Absolutely.  My only concern is that it should be decided
explicitly and not by either handwaving (which the current
document appears to me to do) or the hope that the definitions
will appear in some future document which we have no current
plan to get written (which I think at least some of the authors
might argue was the solution).   If we can't decide, and can't
get that document, then I believe that the uses need to be
prohibited until we have clear definitions.  Otherwise, people
will make up their own answers while pointing to the IDNA
standard, and we will have non-interoperability chaos.

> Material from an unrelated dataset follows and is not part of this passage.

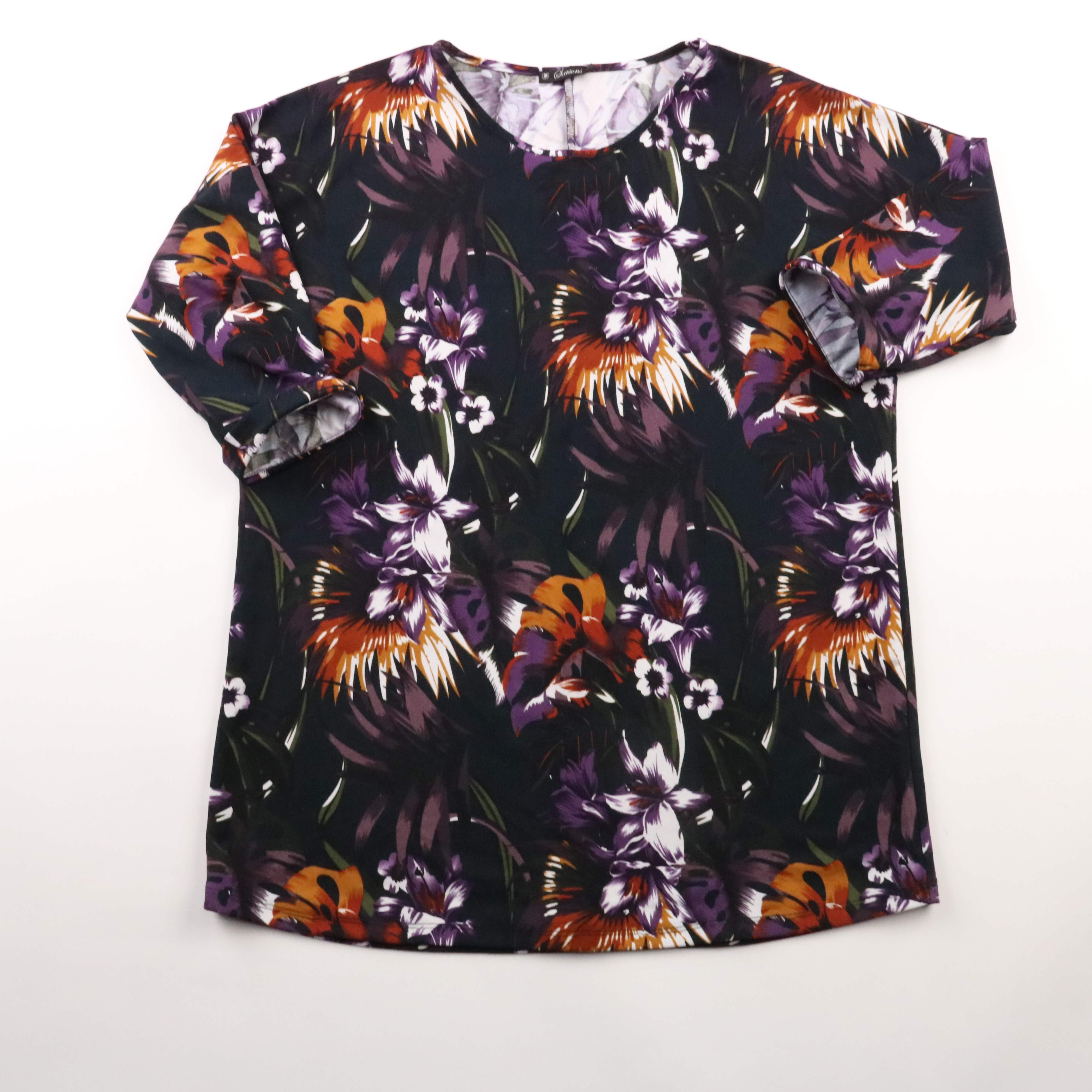 Блузка Stabomis с коротким рукавом и ярким цветочным принтом на тёмном фоне. Подойдёт для офиса или на каждый день с однотонными брюками/юбкой. Ткань лёгкая и почти не мнётся, удобно брать с собой в поездки.

>> I am suggesting that (i) it should still be possible to use
>> IDNA, but with a different profile and (ii) we should not, as
>> a side effect of the way we specify IDNA today, prevent that
>> RR from being defined, regardless of whether it can use
>> IDNA+different profile or whether it needs to use an entirely
>> different protocol to set up, compare, and map names.
> 
> I don't think there is anything that prevents this, but it
> might be a bit cumbersom. For instance, a new definition could
> say "apply ToAscii with step 2 replaced by foo" where "foo" is
> something different than nameprep. (And  similarely for
> ToUnicode).

In practical terms, if anyone actually decides to do this in an
implementation, the burden of demonstrating how to do it in a
non-cumbersome way lies on them.  I think Eric and I have
described how to _define_ it fairly easily.   I note that, from
a definitional standpoint, the whole notion of Classes and RRs
in the DNS ought to be a matter of tables but that the
predominant implementations have ended up requiring code changes
each time one is added and with a lot of that code being
special-purpose.    The implementer's life is hard sometimes.
But, while I firmly believe in making it easy when possible,
hardness (or cumbersomeness) shouldn't be a bar to our doing the
right thing.

And, again, where Eric and I _may_ differ is that, while I'd
rather see this opened up if we can figure out how to do it (in
the interest of modularity and increased likelihood of future
interoperability), my bottom line is simply that we define IDNA
as applying in areas that we have studied and understand that it
applies reasonably, that we ban it elsewhere and leave those
other cases for the future.

> As part of my review I explored if there could be a better
> separation between nameprep and the other parts of IDNA, but
> that seems to result in different handling of case for
> all-ASCII labels.
> If nameprep was separable from ToASCII it would need to be the
> first step. This would mean that all-ASCII labels would be
> case-folded, which they are not as ToASCII is specified. Hence
> an application using IDNA would potentially display different
> case for non-IDNs to users.

Or nameprep would have to special-case those characters and push
them down a code branch it doesn't now have.  I admit that isn't
attractive, but...

        john